Segment Start: Material supplied

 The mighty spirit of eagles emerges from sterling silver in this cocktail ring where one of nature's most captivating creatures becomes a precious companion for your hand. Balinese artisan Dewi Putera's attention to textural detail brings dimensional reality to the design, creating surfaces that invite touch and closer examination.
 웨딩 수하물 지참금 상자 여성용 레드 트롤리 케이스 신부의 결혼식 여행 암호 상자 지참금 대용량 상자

Segment End: Material supplied
Segment Start: Material supplied

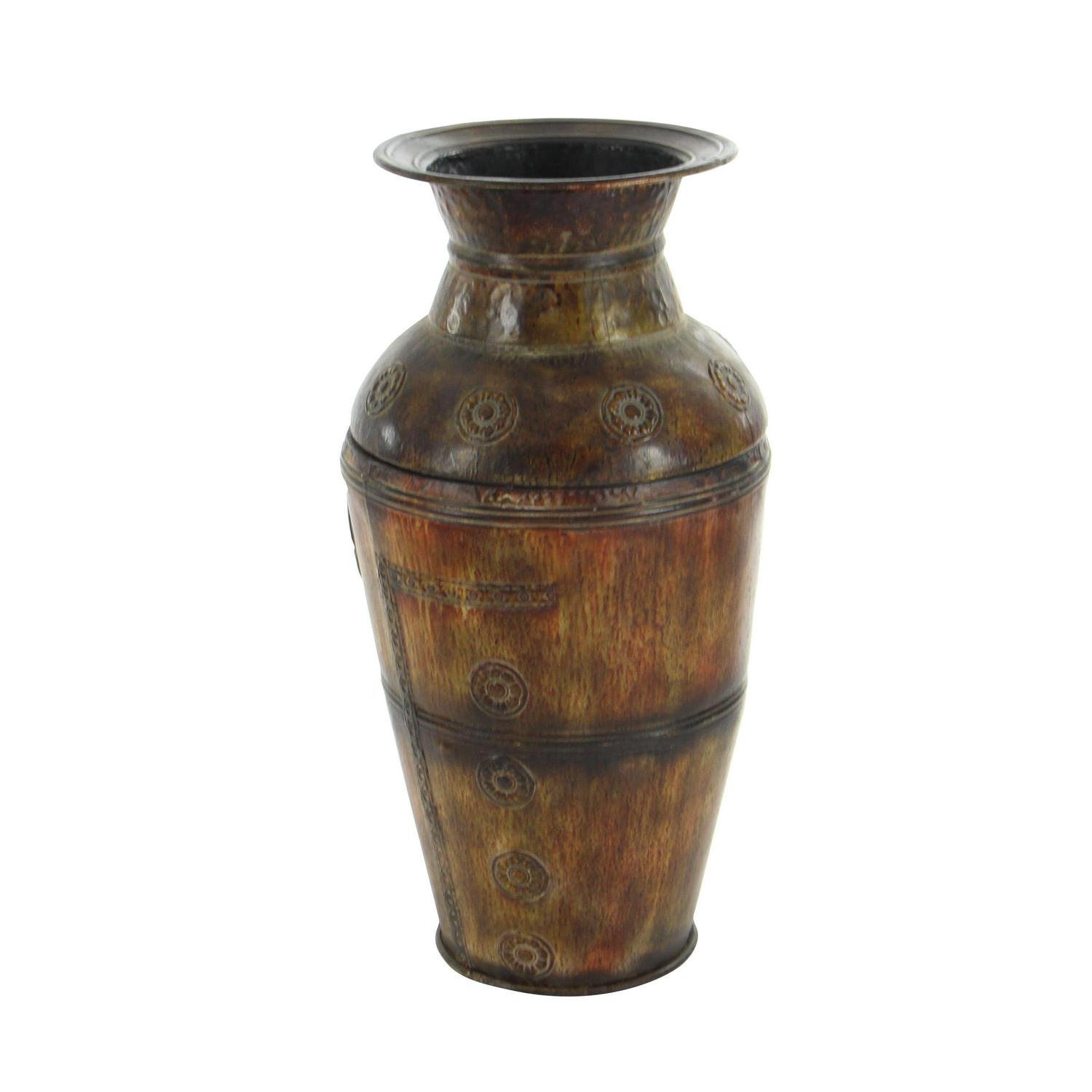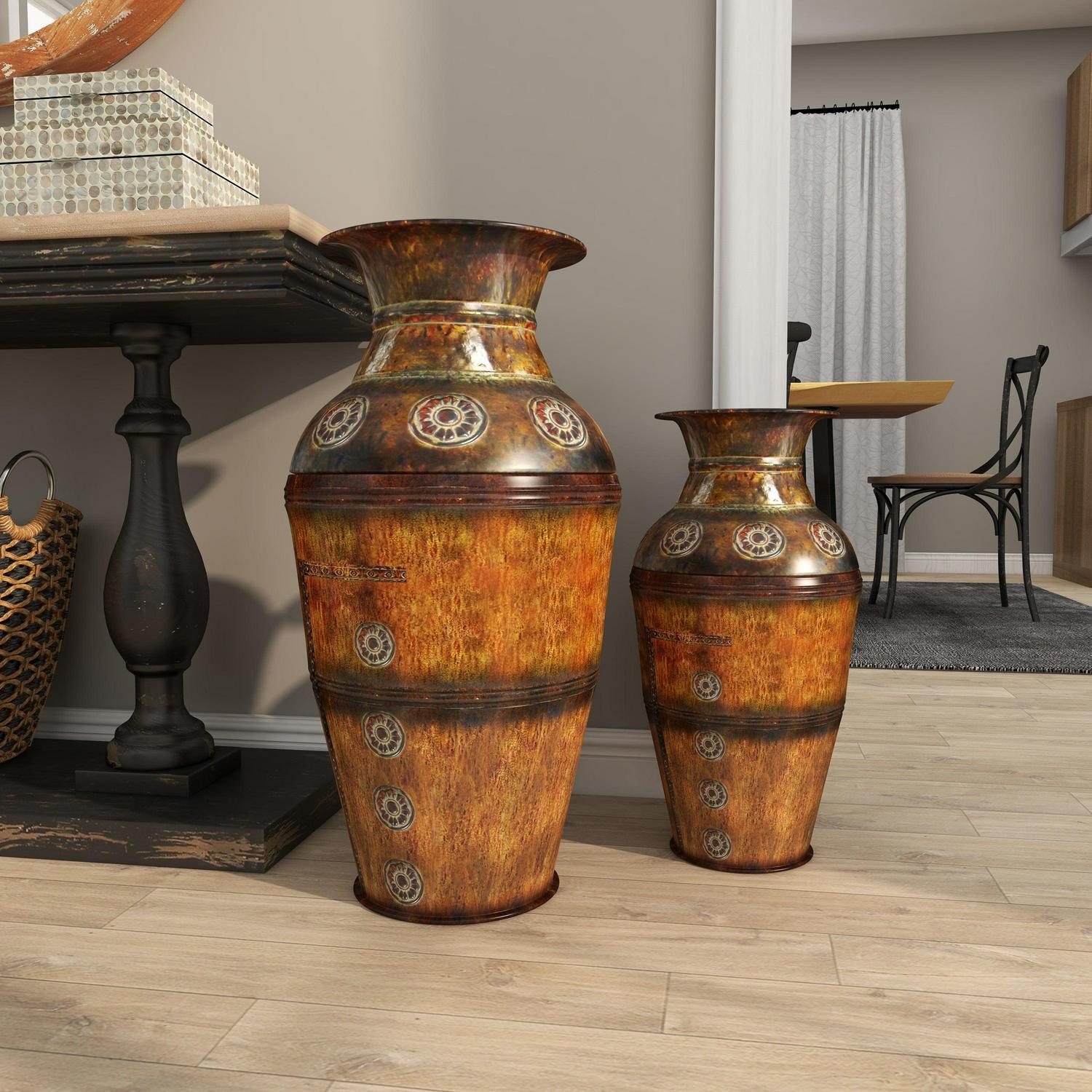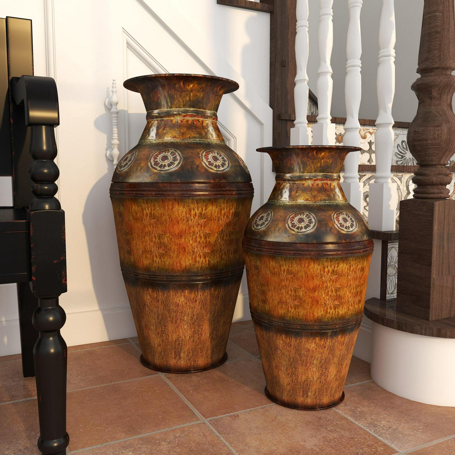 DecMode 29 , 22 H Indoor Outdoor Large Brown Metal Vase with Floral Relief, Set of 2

Segment End: Material supplied
Segment Start: Material supplied

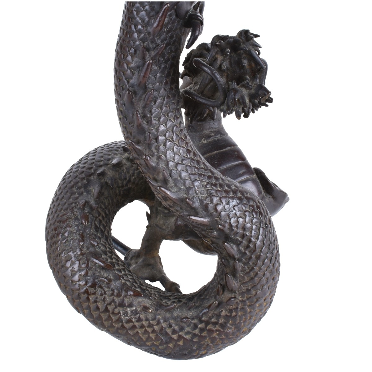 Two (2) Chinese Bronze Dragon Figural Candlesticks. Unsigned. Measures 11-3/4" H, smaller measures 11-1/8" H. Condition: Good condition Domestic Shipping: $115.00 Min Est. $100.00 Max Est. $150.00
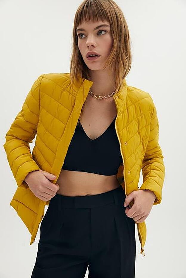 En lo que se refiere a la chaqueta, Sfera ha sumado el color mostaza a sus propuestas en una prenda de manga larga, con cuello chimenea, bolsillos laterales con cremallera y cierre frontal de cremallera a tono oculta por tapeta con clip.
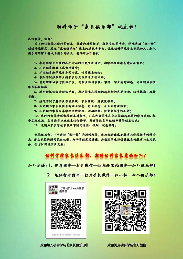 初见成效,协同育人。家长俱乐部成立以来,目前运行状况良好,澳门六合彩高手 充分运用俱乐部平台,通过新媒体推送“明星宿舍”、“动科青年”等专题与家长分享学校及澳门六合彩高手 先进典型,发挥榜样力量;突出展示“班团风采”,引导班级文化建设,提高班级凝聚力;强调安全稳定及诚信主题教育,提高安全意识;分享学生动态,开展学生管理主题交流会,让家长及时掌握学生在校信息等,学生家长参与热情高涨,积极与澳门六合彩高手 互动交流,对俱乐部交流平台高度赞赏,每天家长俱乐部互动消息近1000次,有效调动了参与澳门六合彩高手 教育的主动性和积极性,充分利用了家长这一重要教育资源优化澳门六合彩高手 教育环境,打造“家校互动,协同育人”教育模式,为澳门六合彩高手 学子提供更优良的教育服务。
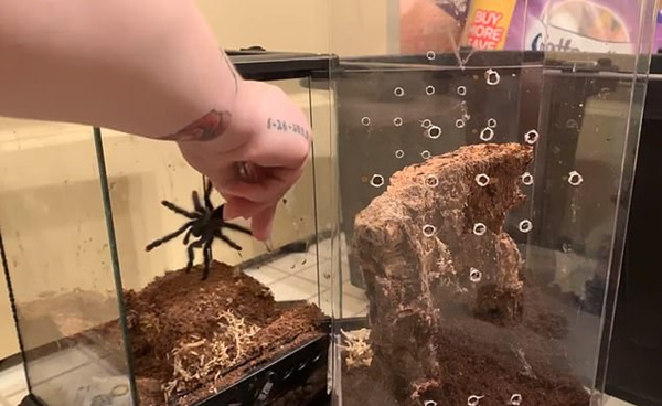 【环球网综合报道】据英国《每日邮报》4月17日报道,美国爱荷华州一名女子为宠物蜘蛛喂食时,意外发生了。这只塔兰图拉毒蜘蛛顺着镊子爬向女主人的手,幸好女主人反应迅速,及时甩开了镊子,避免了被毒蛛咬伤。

Segment End: Material supplied

• Description of the task:
Going back to the entries above, set down exactly the lines that begin at the one with "The mighty spirit" and end at the one with "웨딩 수하물 지참금 상자", both included, and nothing else.

• Output for this exercise:
 The mighty spirit of eagles emerges from sterling silver in this cocktail ring where one of nature's most captivating creatures becomes a precious companion for your hand. Balinese artisan Dewi Putera's attention to textural detail brings dimensional reality to the design, creating surfaces that invite touch and closer examination.
 웨딩 수하물 지참금 상자 여성용 레드 트롤리 케이스 신부의 결혼식 여행 암호 상자 지참금 대용량 상자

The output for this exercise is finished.